[Start of Attachment]

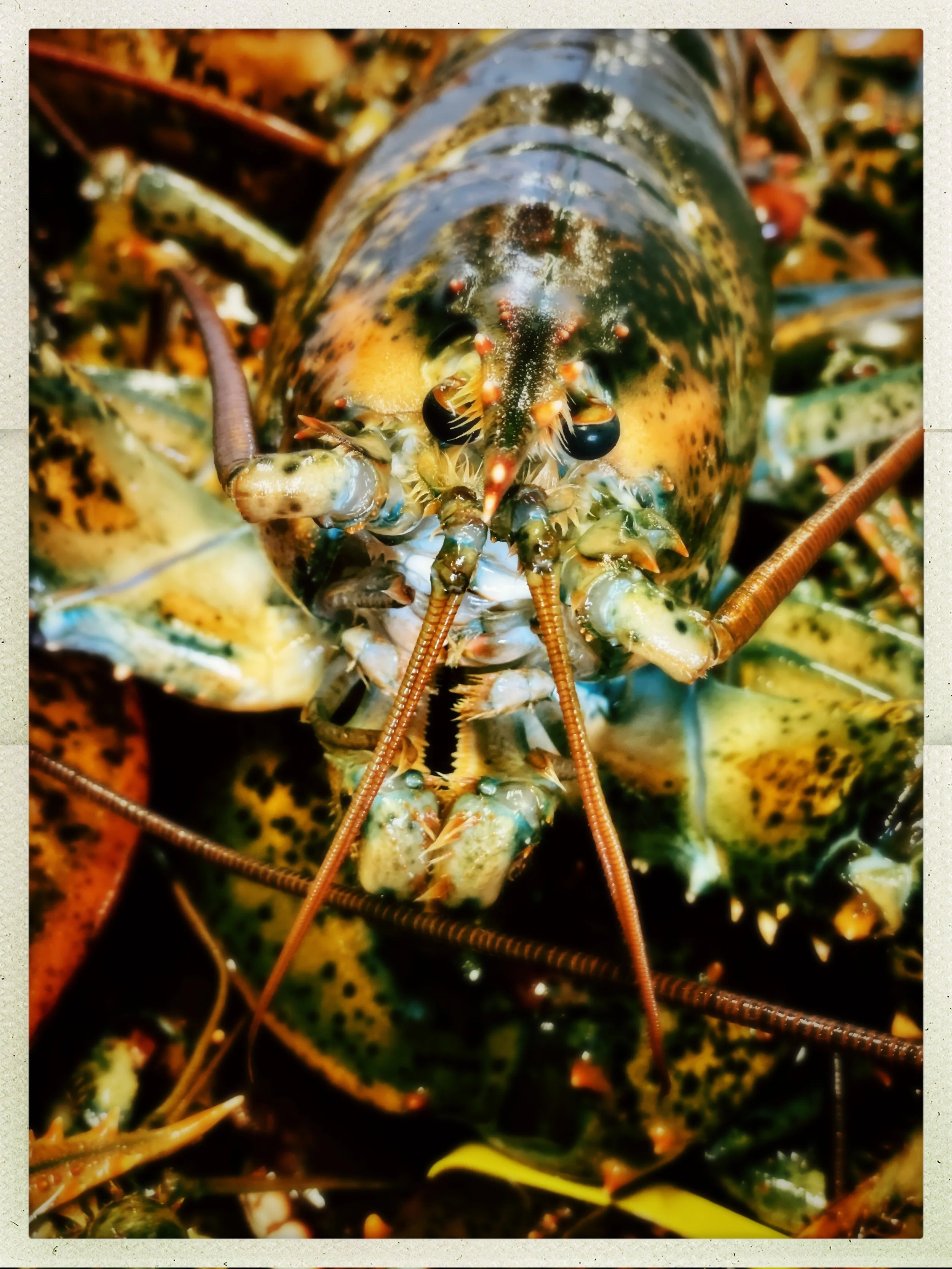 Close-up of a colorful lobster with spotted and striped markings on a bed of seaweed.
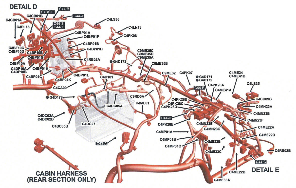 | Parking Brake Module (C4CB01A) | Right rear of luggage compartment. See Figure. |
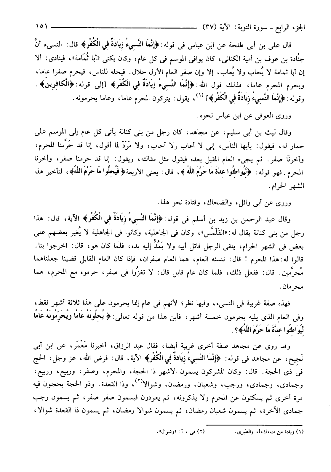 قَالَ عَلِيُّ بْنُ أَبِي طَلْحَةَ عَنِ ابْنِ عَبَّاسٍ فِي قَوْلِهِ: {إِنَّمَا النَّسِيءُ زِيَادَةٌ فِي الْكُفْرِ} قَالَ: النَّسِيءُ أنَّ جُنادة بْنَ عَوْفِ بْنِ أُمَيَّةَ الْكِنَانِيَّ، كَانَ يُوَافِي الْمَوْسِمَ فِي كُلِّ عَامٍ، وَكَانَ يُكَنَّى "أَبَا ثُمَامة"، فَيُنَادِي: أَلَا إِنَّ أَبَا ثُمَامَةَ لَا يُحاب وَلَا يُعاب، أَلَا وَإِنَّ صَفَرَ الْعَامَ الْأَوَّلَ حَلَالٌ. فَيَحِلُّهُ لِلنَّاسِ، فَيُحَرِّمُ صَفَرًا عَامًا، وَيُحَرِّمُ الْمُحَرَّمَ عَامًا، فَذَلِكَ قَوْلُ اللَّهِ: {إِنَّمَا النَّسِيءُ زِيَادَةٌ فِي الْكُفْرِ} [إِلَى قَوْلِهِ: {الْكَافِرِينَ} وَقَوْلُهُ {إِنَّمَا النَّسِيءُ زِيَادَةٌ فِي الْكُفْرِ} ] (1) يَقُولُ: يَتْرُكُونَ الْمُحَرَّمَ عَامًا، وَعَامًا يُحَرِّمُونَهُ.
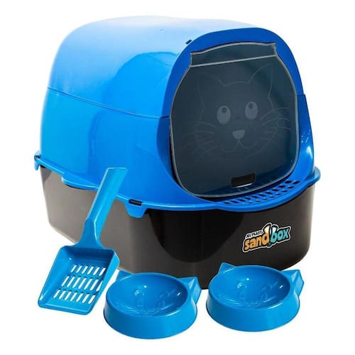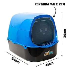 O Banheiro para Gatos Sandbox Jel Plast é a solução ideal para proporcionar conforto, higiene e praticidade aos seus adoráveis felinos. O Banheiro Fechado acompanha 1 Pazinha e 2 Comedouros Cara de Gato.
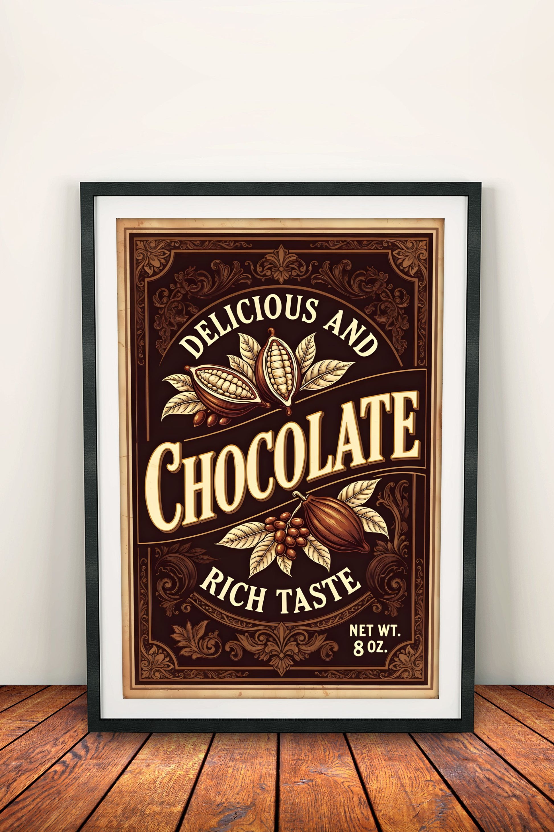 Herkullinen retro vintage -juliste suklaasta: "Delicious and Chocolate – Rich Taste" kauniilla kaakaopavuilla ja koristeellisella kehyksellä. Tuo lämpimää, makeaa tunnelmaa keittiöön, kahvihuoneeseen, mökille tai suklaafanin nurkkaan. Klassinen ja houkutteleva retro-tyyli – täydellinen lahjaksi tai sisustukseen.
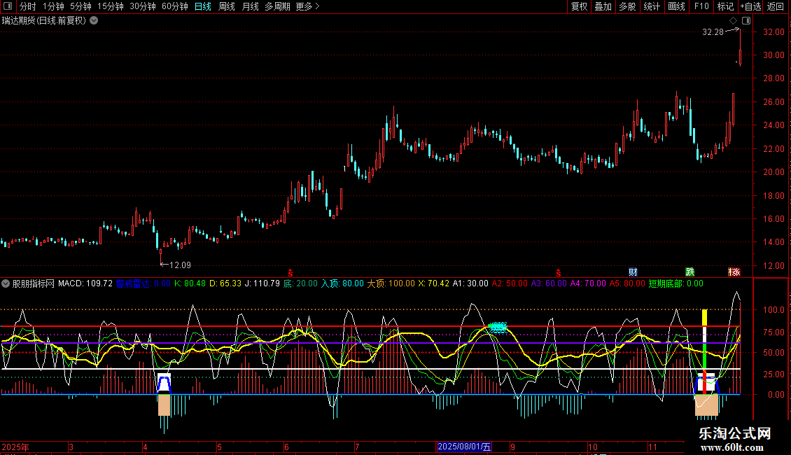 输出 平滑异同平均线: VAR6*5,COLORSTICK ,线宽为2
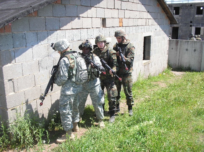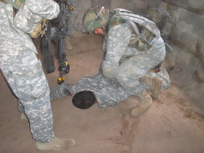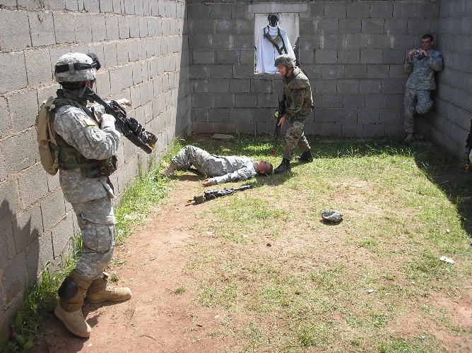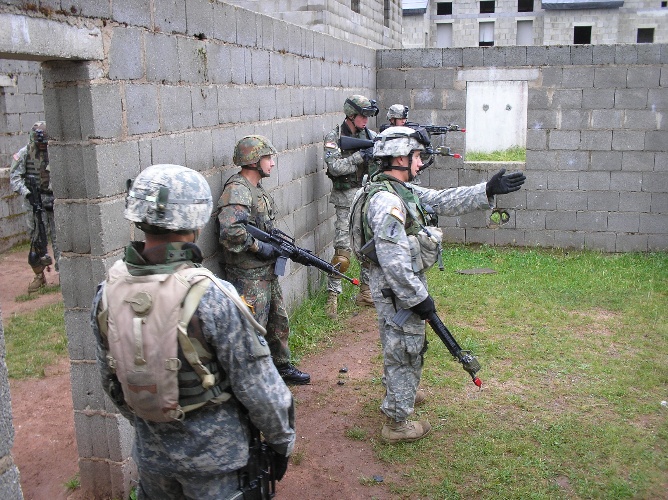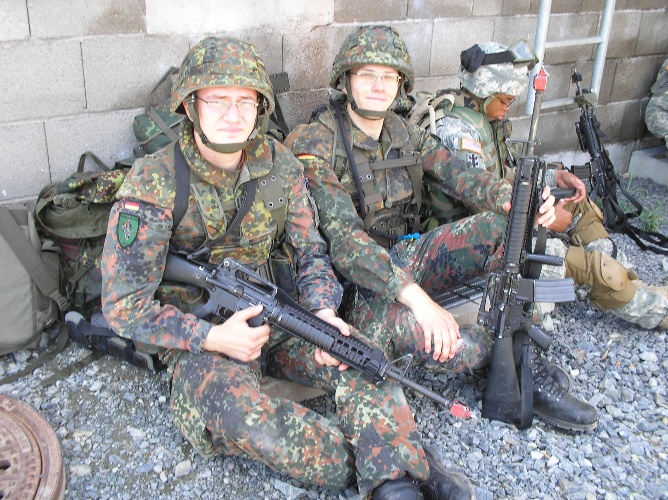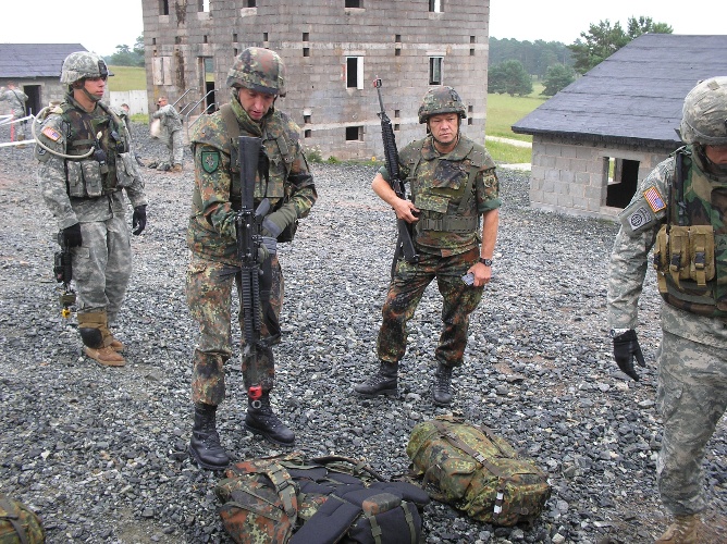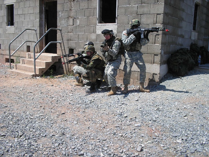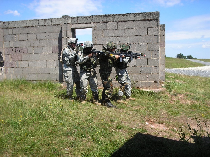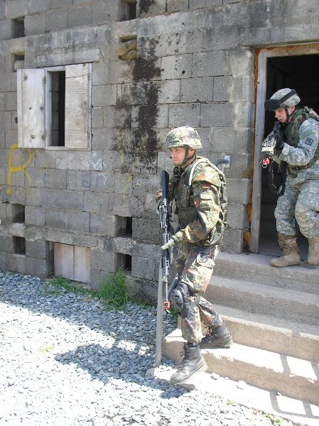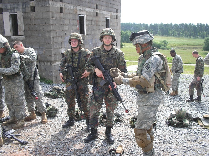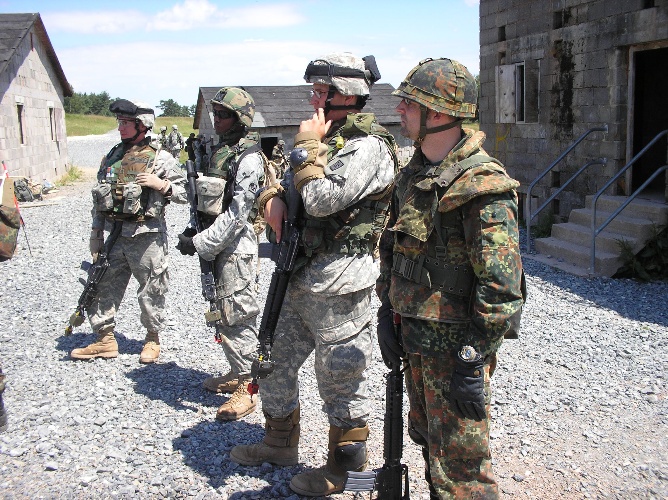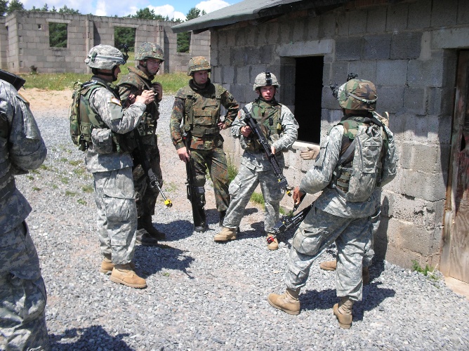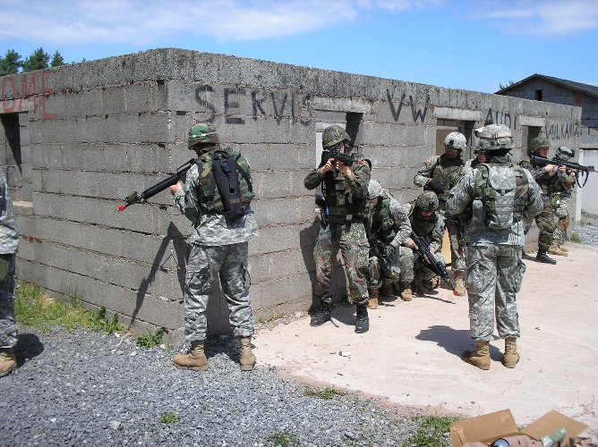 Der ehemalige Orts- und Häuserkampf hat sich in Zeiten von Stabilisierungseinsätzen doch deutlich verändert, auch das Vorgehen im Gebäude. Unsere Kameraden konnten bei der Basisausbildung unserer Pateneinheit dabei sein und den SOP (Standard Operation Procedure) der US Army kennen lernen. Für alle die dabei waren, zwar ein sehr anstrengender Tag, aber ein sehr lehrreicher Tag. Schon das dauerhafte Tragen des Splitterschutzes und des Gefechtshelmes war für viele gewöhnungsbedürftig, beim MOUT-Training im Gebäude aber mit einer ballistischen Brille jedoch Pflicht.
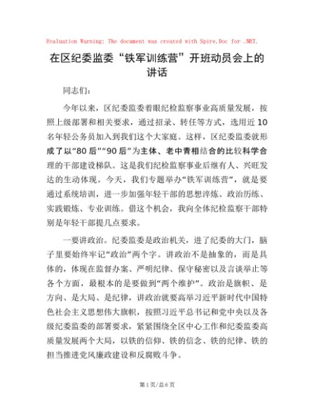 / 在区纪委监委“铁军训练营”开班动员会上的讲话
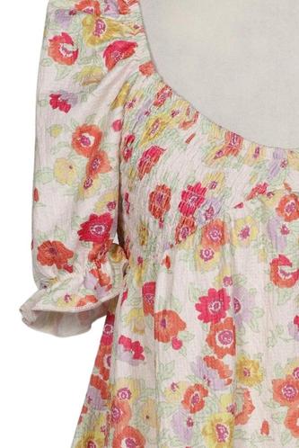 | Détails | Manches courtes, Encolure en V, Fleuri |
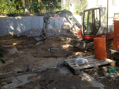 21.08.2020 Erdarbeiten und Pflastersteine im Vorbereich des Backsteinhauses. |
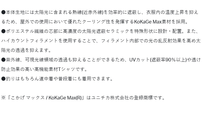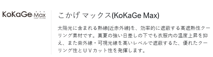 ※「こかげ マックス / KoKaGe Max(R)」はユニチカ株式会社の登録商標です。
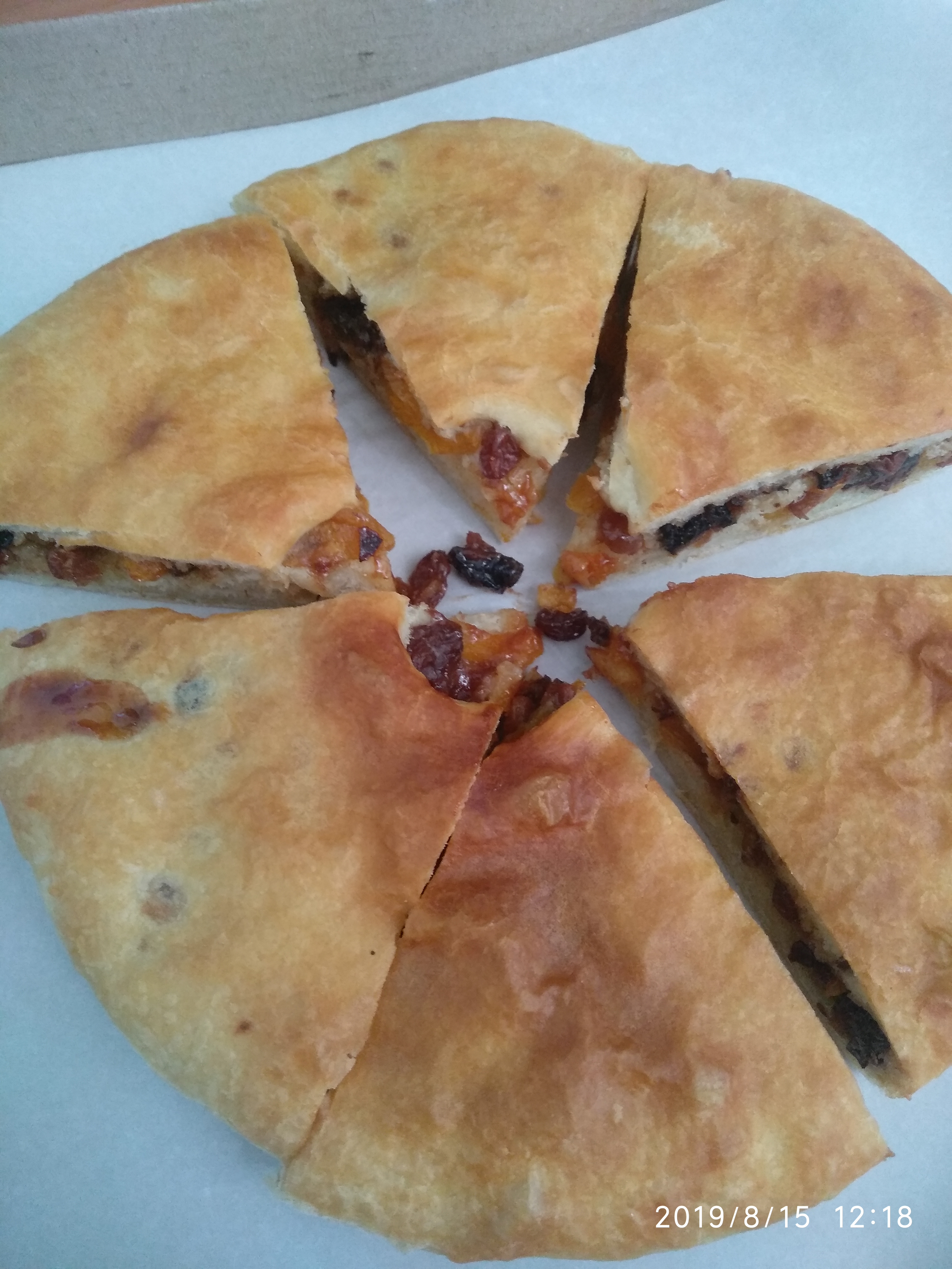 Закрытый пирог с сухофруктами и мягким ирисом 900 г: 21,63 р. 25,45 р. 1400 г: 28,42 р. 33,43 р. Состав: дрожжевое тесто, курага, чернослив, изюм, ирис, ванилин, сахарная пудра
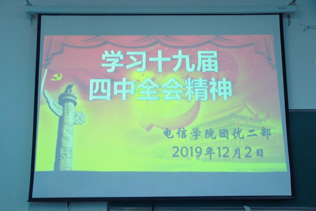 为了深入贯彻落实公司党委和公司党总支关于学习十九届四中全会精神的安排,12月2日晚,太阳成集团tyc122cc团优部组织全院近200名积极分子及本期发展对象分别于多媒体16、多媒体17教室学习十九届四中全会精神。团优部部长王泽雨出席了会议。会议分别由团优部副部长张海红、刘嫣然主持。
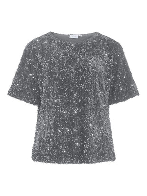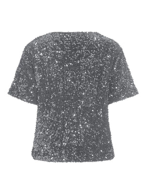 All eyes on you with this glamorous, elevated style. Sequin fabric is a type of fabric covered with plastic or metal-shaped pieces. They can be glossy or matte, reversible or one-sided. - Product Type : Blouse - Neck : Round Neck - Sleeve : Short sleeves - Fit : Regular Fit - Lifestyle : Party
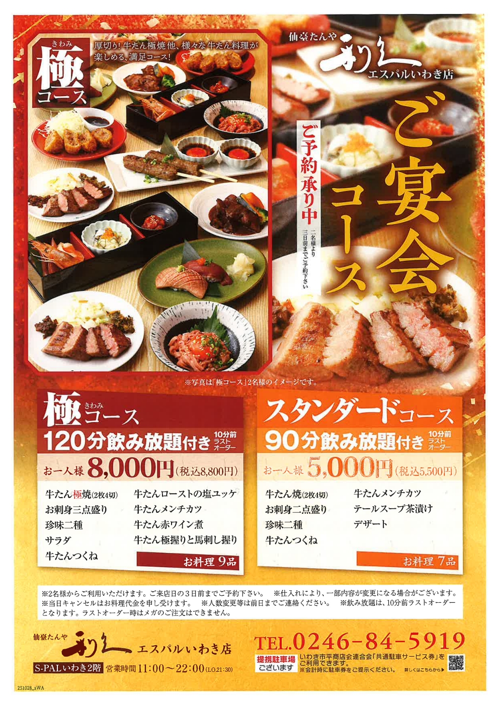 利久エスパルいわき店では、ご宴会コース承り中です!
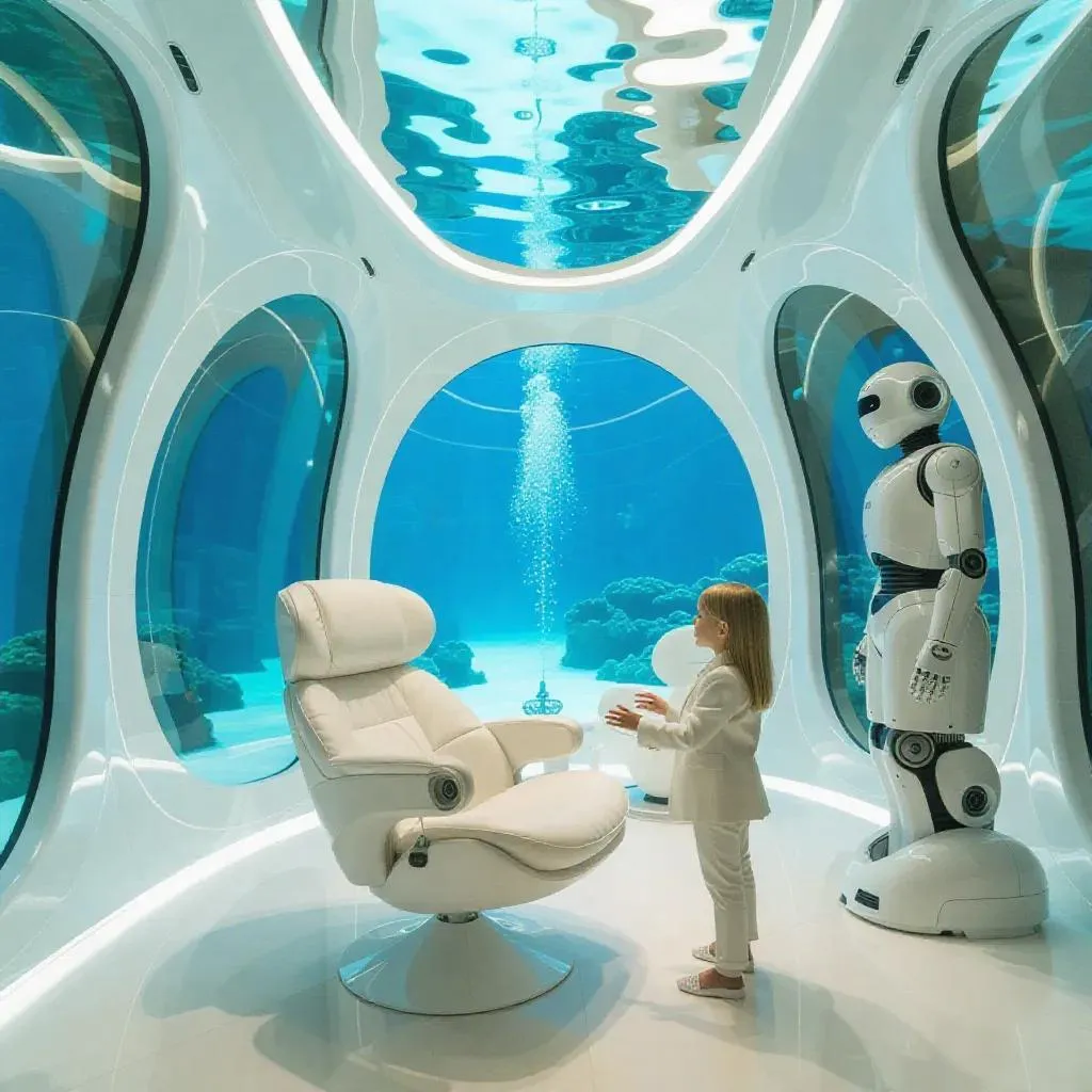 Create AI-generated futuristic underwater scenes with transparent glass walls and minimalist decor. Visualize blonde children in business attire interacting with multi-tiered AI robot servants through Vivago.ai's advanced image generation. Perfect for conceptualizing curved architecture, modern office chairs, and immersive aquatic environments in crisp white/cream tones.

[End of Attachment]

PROMPT = Leaving the pictures aside, transcribe only the lines from the one containing "为了深入贯彻落实公司党委和公" to the final line of the listing above, inclusive, exactly as they appear.

RESPONSE TO THE EXERCISE =
 为了深入贯彻落实公司党委和公司党总支关于学习十九届四中全会精神的安排,12月2日晚,太阳成集团tyc122cc团优部组织全院近200名积极分子及本期发展对象分别于多媒体16、多媒体17教室学习十九届四中全会精神。团优部部长王泽雨出席了会议。会议分别由团优部副部长张海红、刘嫣然主持。
 All eyes on you with this glamorous, elevated style. Sequin fabric is a type of fabric covered with plastic or metal-shaped pieces. They can be glossy or matte, reversible or one-sided. - Product Type : Blouse - Neck : Round Neck - Sleeve : Short sleeves - Fit : Regular Fit - Lifestyle : Party
 利久エスパルいわき店では、ご宴会コース承り中です!
 Create AI-generated futuristic underwater scenes with transparent glass walls and minimalist decor. Visualize blonde children in business attire interacting with multi-tiered AI robot servants through Vivago.ai's advanced image generation. Perfect for conceptualizing curved architecture, modern office chairs, and immersive aquatic environments in crisp white/cream tones.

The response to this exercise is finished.